▶ _What you should do_: Return only what runs from the line containing "독점적 인 미니 도시" through the last line of the entries below, exactly, omitting pictures.
____________________
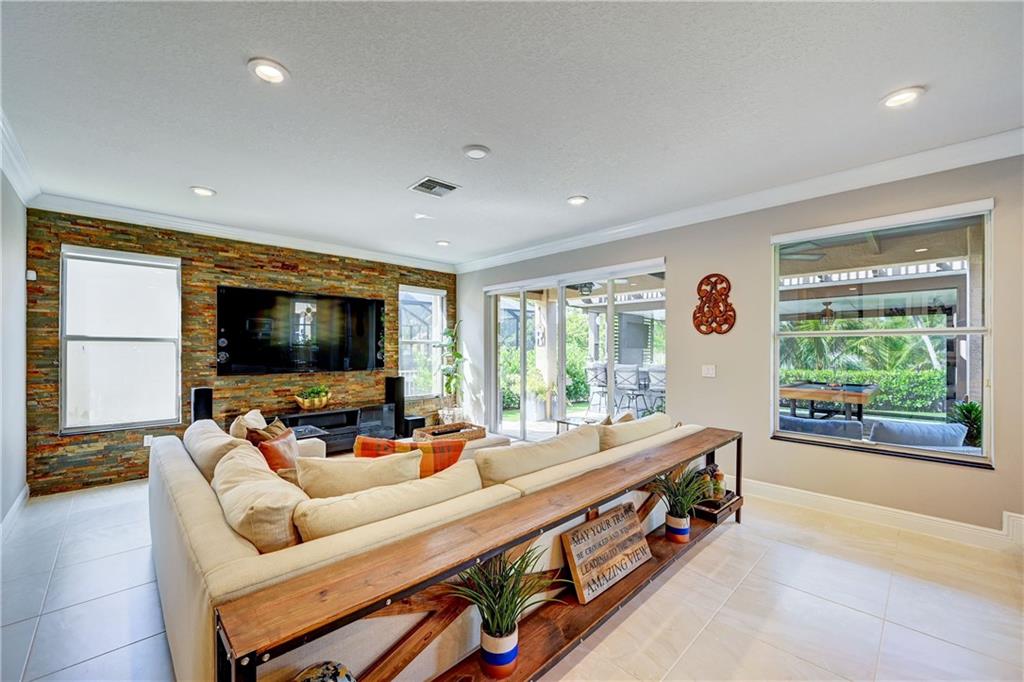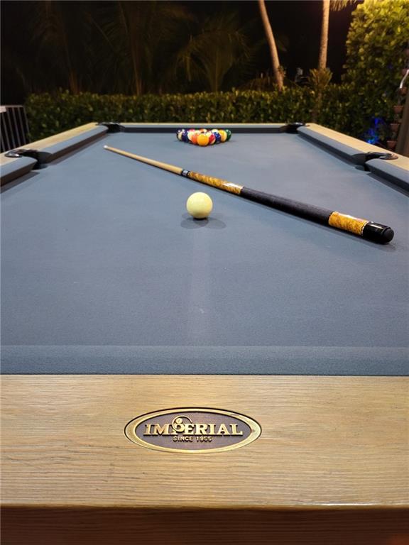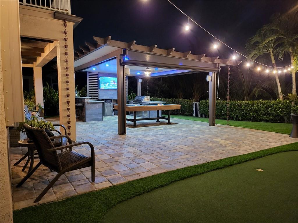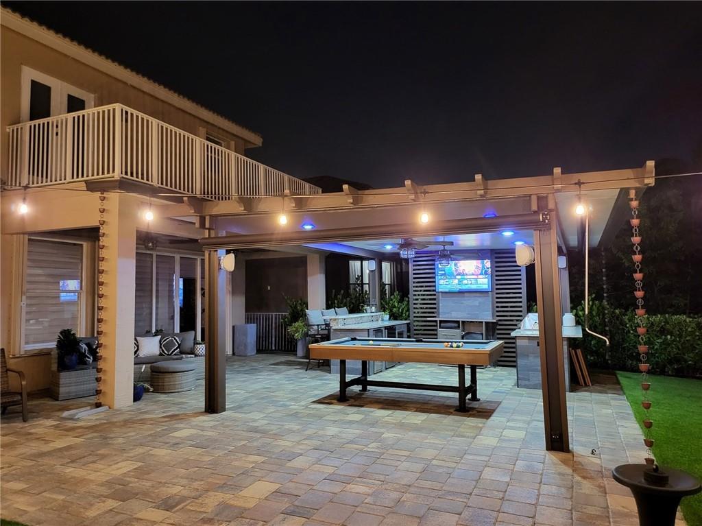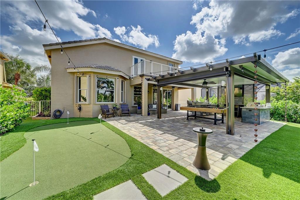 2978 sq ft home in gated community with natural light and custom upgrades throughout that include Cat5 cable and hurricane shutters. Modern floor plan with large living spaces and vaulted ceilings. Kitchen has granite counters, stainless 3-door fridge (Samsung), dishwasher, built in oven, stove and microwave (LG). 2 new central A/C units (Carrier) with Smart Thermostats. New exterior paint. Master bed has his/her bathrooms with shared shower, his/her walk in closets that measure 10'x5' and 7'x5' and French doors onto a balcony. Entertainer's paradise with privacy landscaping, putting green, Pergola with shade screens (can be lowered/raised), recessed lighting, TV, grill, fridge and pool table with table top/ping pong. Low HOA fee @ 145/mo (includes internet, pool, gym, 24hr security)
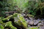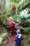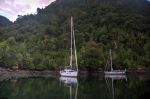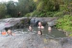 Wir lassen das Dighy vor Anker schwimmen und laufen dem Pfad nach, der durch einen alten Regenwald führt. Die Vegetation wächst in mehreren Etagen. Von riesigen Bäumen hängen Bromelien und Lianen herunter. Im Gebüsch hüpfen am Boden relativ große braune Vögel. Nach einer ziemlich kurzen Strecke endet der Pfad. Wir kehren zurück und suchen ohne Erfolg weiter. Die Kinder entdecken einen kleinen Steg, aber auch der ist vollkommen überflutetet. Schließlich steigt Natalya ins Dinghy und rudert herum, so schnell wollen wir nicht aufgeben. Endlich, tief im Gras versteckt entdeckt sie ein kleines Holzschild: „Termas“.
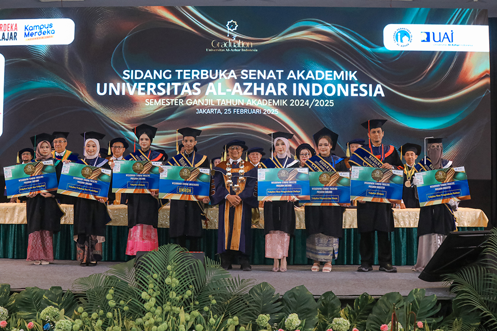 Universitas Al-Azhar Indonesia (UAI) sukses menyelenggarakan Wisuda ke-31, yang berlangsung di Gedung Sasana Kriya, Taman Mini Indonesia Indah, Jakarta Timur, pada Selasa, 25 Februari 2025. Acara wisuda ini diikuti oleh 623 wisudawan/wisudawati, yang secara resmi dilantik oleh Rektor UAI, Prof. Dr. Ir. Asep Saefuddin, M.Sc., melalui Sidang Terbuka Senat Akademik Universitas Al-Azhar Indonesia.
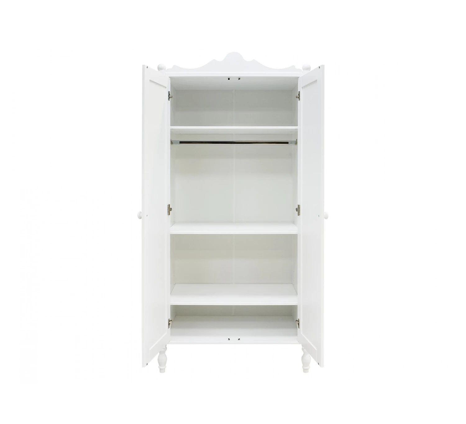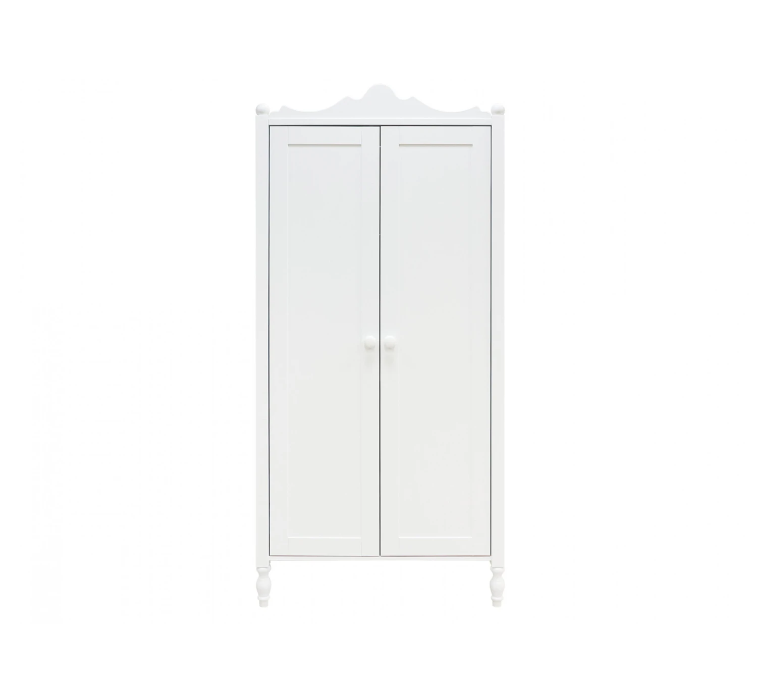 De serie Belle van Bopita bestaat uit romantische meubeltjes voor baby, junior en tiener. De meubeltjes hebben door de mooie koof en de bolling aan de poten een luxe uitstraling. Naast de2-deurs kast kun je kiezen uit een ladenkast met vijf laden en een 3-deurs kast.
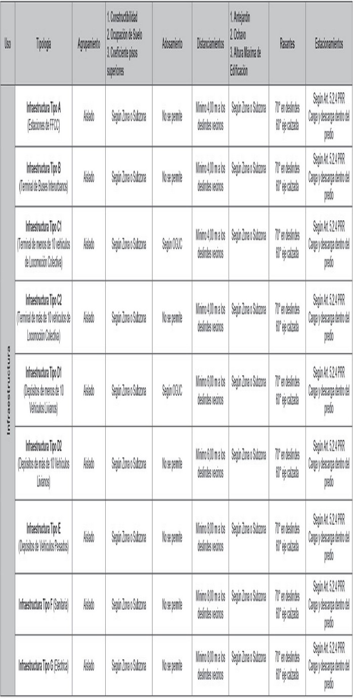. Infraestructura: Energética y Transporte, las que deberán cumplir con las disposiciones contempladas en el Cuadro N° 2 C de la presente Ordenanza.
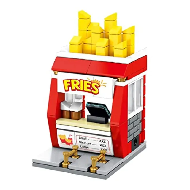 독점적 인 미니 도시 - Frie French Fry Stand - 사용자 정의 디자인 벽돌 - 주요 브랜드와 호환 가능, 본상품 구매
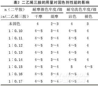 2.1.2二乙烯三胺的用量对固色剂性能的影响
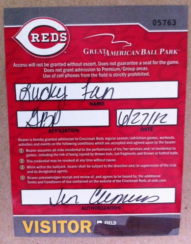 They took me down into the bowels of the stadium and we stopped outside the hallway that leads to the field. There was a cameraman there from WCPO Channel 9 Cincinnati and he wanted to do a short interview. I got mic’d up and the four of us walked down the hallway and into the camera well. We did the interview with my back to the Brewers dugout, and I’m not sure how it’s going to turn out. I think I did a good job answering the questions, but I was really hot from the speed walking I had just done and the fact that it was almost 90 degrees. A few times I had to wipe my face to prevent sweat from dripping into my eye.
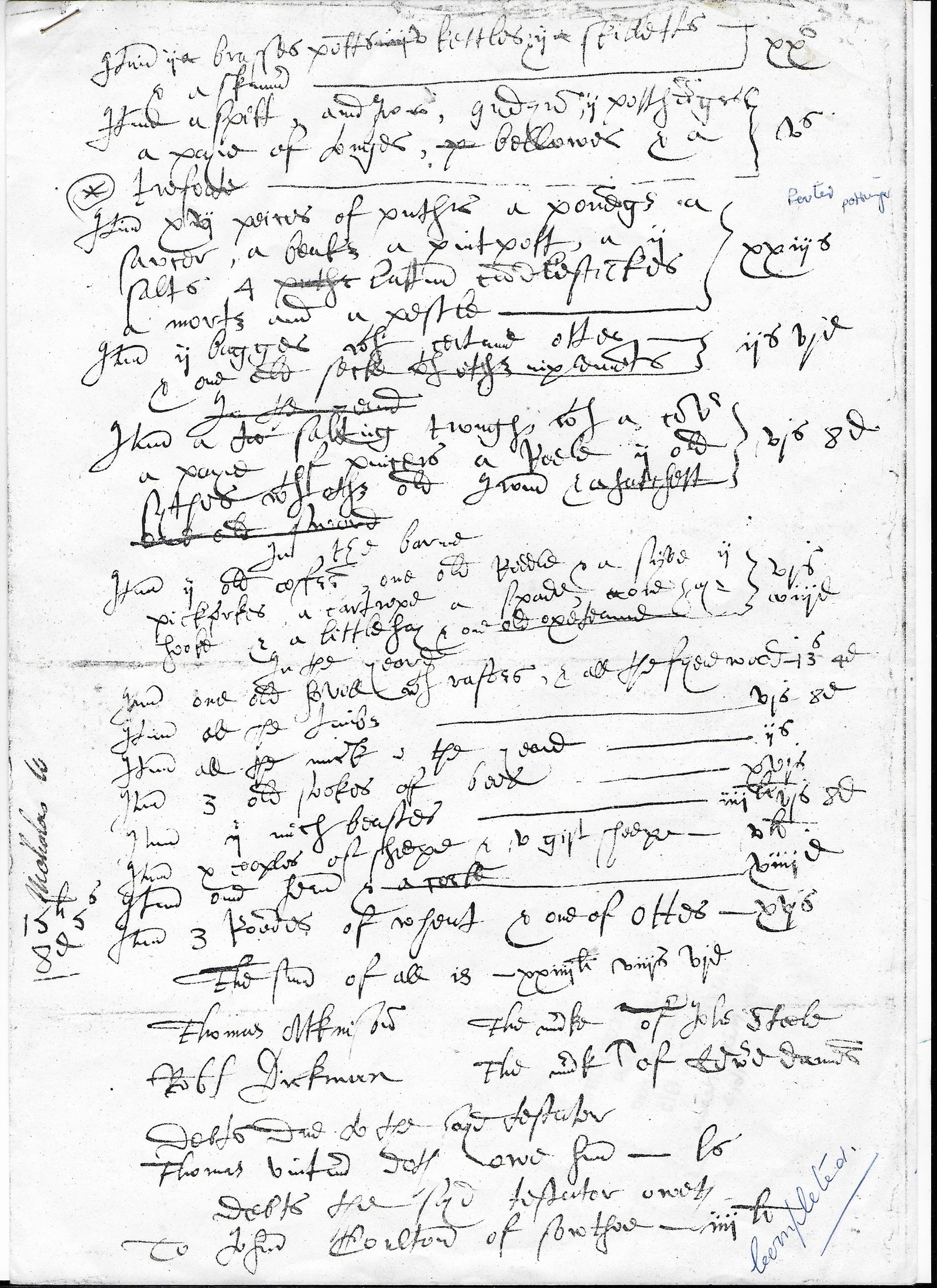 pitchforks, a cartrope a spade, one } vjs viijd (6 shillings 8 pence)
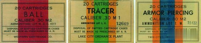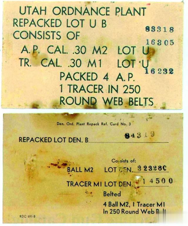 1945年早些时候,再装箱序列号被直接印在弹带上来代替插入箱内的参考数据卡片。印在弹带上的相应标记有“REPACKED LOT”字样,紧随其后的是批号。1945年中期,“REPACKED LOT”逐渐被“Functional Lot”所代替,并编写一组全新序列批号。(原文发表于《轻兵器》2012年第4期下半月刊,公众号文有删改)
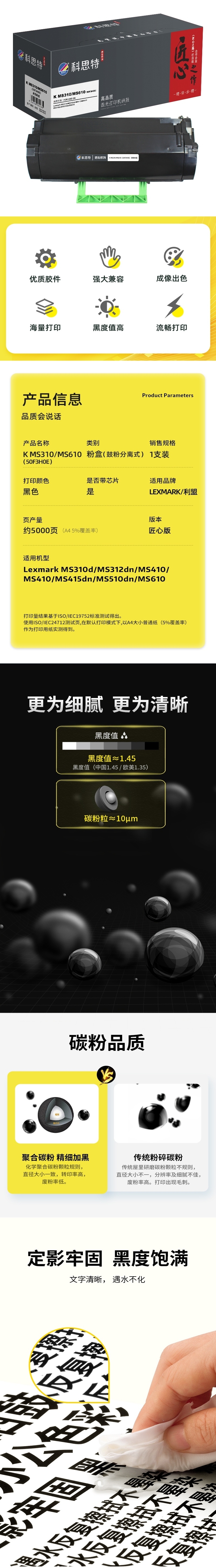 商品标题:科思特(KST)兼容K MS310/MS610(50F3H0E) 匠心版粉盒 黑色(适用利盟Lexmark MS310d/MS312dn/MS410/MS410/MS415dn/MS510dn/MS610)打印页数:5000页(单位:支)
____________________
▶ _Task response_:
 독점적 인 미니 도시 - Frie French Fry Stand - 사용자 정의 디자인 벽돌 - 주요 브랜드와 호환 가능, 본상품 구매
 2.1.2二乙烯三胺的用量对固色剂性能的影响
 They took me down into the bowels of the stadium and we stopped outside the hallway that leads to the field. There was a cameraman there from WCPO Channel 9 Cincinnati and he wanted to do a short interview. I got mic’d up and the four of us walked down the hallway and into the camera well. We did the interview with my back to the Brewers dugout, and I’m not sure how it’s going to turn out. I think I did a good job answering the questions, but I was really hot from the speed walking I had just done and the fact that it was almost 90 degrees. A few times I had to wipe my face to prevent sweat from dripping into my eye.
 pitchforks, a cartrope a spade, one } vjs viijd (6 shillings 8 pence)
 1945年早些时候,再装箱序列号被直接印在弹带上来代替插入箱内的参考数据卡片。印在弹带上的相应标记有“REPACKED LOT”字样,紧随其后的是批号。1945年中期,“REPACKED LOT”逐渐被“Functional Lot”所代替,并编写一组全新序列批号。(原文发表于《轻兵器》2012年第4期下半月刊,公众号文有删改)
 商品标题:科思特(KST)兼容K MS310/MS610(50F3H0E) 匠心版粉盒 黑色(适用利盟Lexmark MS310d/MS312dn/MS410/MS410/MS415dn/MS510dn/MS610)打印页数:5000页(单位:支)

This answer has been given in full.